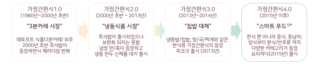 'HMR 3세대'(2013년~2014년)때부터 집밥을 대체하기 시작했다. 냉동밥ㆍ컵밥ㆍ탕ㆍ국ㆍ찌개 등 한식 HMR이 대폭 늘어났다. 이 역시 시장을 이끈 것은 CJ제일제당과 오뚜기 등 국내 대표 식품업체들이다. 이마트 등 유통업체까지 가세해 시장 참여업체들이 늘어난 것도 특징이다. 건강ㆍ맛ㆍ편리성ㆍ영양 등을 모두 고려한 제품이 나오면서 'HMR 4세대'(2015년 이후)가 열렸다. 제품 종류도 동네 편의점에서 흔히 찾아볼 수 있는 도시락부터 연어ㆍ스테이크ㆍ랍스터 등을 활용한 별미까지 다양해졌다. 유명 셰프의 요리법을 담은 '밀키트(반조리식)'나 태국ㆍ베트남ㆍ스페인 등 해외 요리를 적용한 간편식도 늘고 있다.
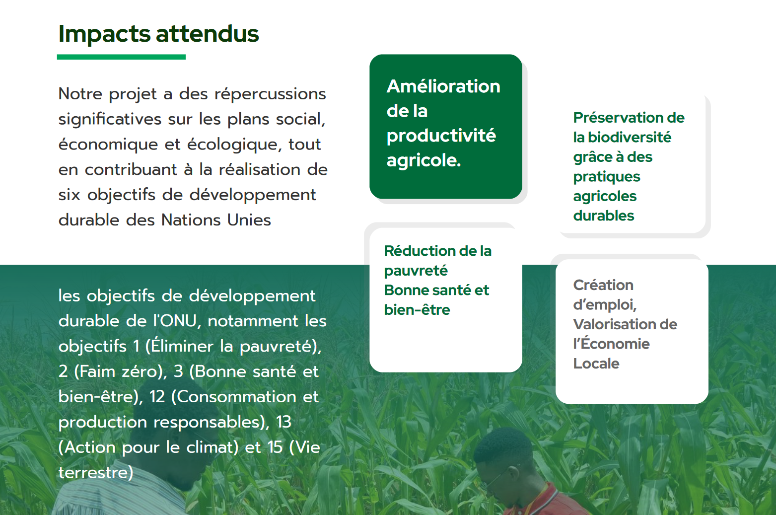 Afin de relever les défis de l'agriculture africaine, nous avons mis en place une tehnologie basée sur l'IA qui permettra aux agriculteurs de mieux suivre leurs champs. Ce projet aide à répondre à pas moins de six (6) objectifs de l'ONU.
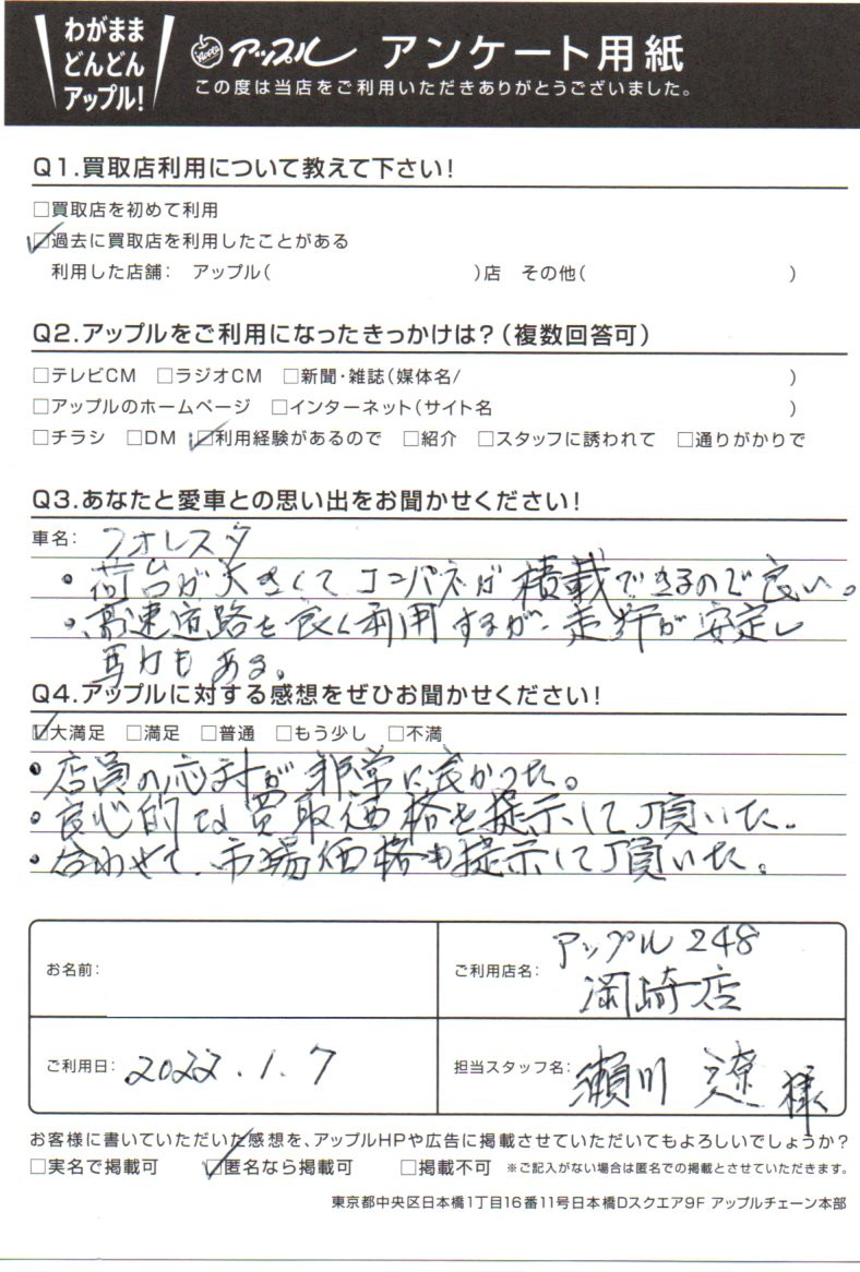 お車のご相談・ 査定だけでもOK! カンタン 入力 30秒 アップルがブランド買取始めました! お電話でも受付中! 受付時間10:00 ~ 19:00 0564-25-8118 お車のご相談・ 査定だけでもOK! カンタン 入力 30秒 アップルがブランド買取始めました! お電話でも受付中! 受付時間10:00 ~ 19:00 0564-25-8118 アップルがブランド買取始めました! お電話でも受付中! 受付時間10:00 ~ 19:00 0564-25-8118 店舗情報 在庫車 スタッフ紹介 ブログ お客様の声 キャンペーン お得 無料査定 click お客様の声 ご記入日: 2022/01/07 愛知県 匿名希望様 車名:スバル フォレスター ・店員の対応が非常に良かった。・良心的な買取価格を提示して頂いた。・合わせて、市場価格も提示して頂いた。 前へ 次へ お客様の声一覧を見る
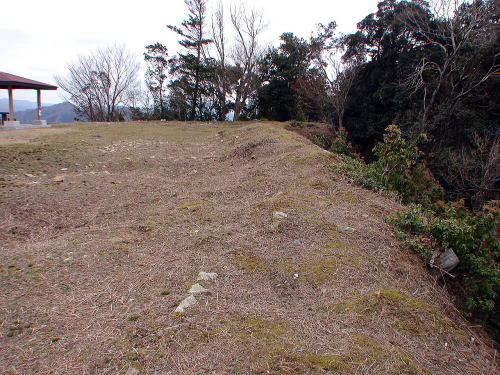 ![]() 第三曲輪石垣(北辺) 左側を登って第二曲輪から本丸をめざす。本丸は、左上の東屋が建つ石垣部分。 |
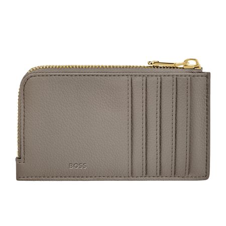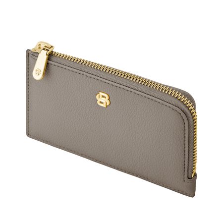 This compact pouch is crafted in grained matte PU and defined by a refined Double B signature plate on the front, complemented by a BOSS logo embossed on the back. The design features newly developed light gold?plated zippers adorned with a Double B detail, bringing a soft and delicate finish while remaining clean and minimal. The back is fitted with five card slots for easy access, while the roomy main compartment includes an additional interior slot for organized storage. Finished entirely with light gold trims, the piece is offered in a soft and vibrant color palette including black, burgundy, taupe, nude, and lilac.

#####

**Work request**
Reproduce the entries exactly. Do not carry over any picture.

**Written reply**
 'HMR 3세대'(2013년~2014년)때부터 집밥을 대체하기 시작했다. 냉동밥ㆍ컵밥ㆍ탕ㆍ국ㆍ찌개 등 한식 HMR이 대폭 늘어났다. 이 역시 시장을 이끈 것은 CJ제일제당과 오뚜기 등 국내 대표 식품업체들이다. 이마트 등 유통업체까지 가세해 시장 참여업체들이 늘어난 것도 특징이다. 건강ㆍ맛ㆍ편리성ㆍ영양 등을 모두 고려한 제품이 나오면서 'HMR 4세대'(2015년 이후)가 열렸다. 제품 종류도 동네 편의점에서 흔히 찾아볼 수 있는 도시락부터 연어ㆍ스테이크ㆍ랍스터 등을 활용한 별미까지 다양해졌다. 유명 셰프의 요리법을 담은 '밀키트(반조리식)'나 태국ㆍ베트남ㆍ스페인 등 해외 요리를 적용한 간편식도 늘고 있다.
 Afin de relever les défis de l'agriculture africaine, nous avons mis en place une tehnologie basée sur l'IA qui permettra aux agriculteurs de mieux suivre leurs champs. Ce projet aide à répondre à pas moins de six (6) objectifs de l'ONU.
 お車のご相談・ 査定だけでもOK! カンタン 入力 30秒 アップルがブランド買取始めました! お電話でも受付中! 受付時間10:00 ~ 19:00 0564-25-8118 お車のご相談・ 査定だけでもOK! カンタン 入力 30秒 アップルがブランド買取始めました! お電話でも受付中! 受付時間10:00 ~ 19:00 0564-25-8118 アップルがブランド買取始めました! お電話でも受付中! 受付時間10:00 ~ 19:00 0564-25-8118 店舗情報 在庫車 スタッフ紹介 ブログ お客様の声 キャンペーン お得 無料査定 click お客様の声 ご記入日: 2022/01/07 愛知県 匿名希望様 車名:スバル フォレスター ・店員の対応が非常に良かった。・良心的な買取価格を提示して頂いた。・合わせて、市場価格も提示して頂いた。 前へ 次へ お客様の声一覧を見る
 ![]() 第三曲輪石垣(北辺) 左側を登って第二曲輪から本丸をめざす。本丸は、左上の東屋が建つ石垣部分。 |
 This compact pouch is crafted in grained matte PU and defined by a refined Double B signature plate on the front, complemented by a BOSS logo embossed on the back. The design features newly developed light gold?plated zippers adorned with a Double B detail, bringing a soft and delicate finish while remaining clean and minimal. The back is fitted with five card slots for easy access, while the roomy main compartment includes an additional interior slot for organized storage. Finished entirely with light gold trims, the piece is offered in a soft and vibrant color palette including black, burgundy, taupe, nude, and lilac.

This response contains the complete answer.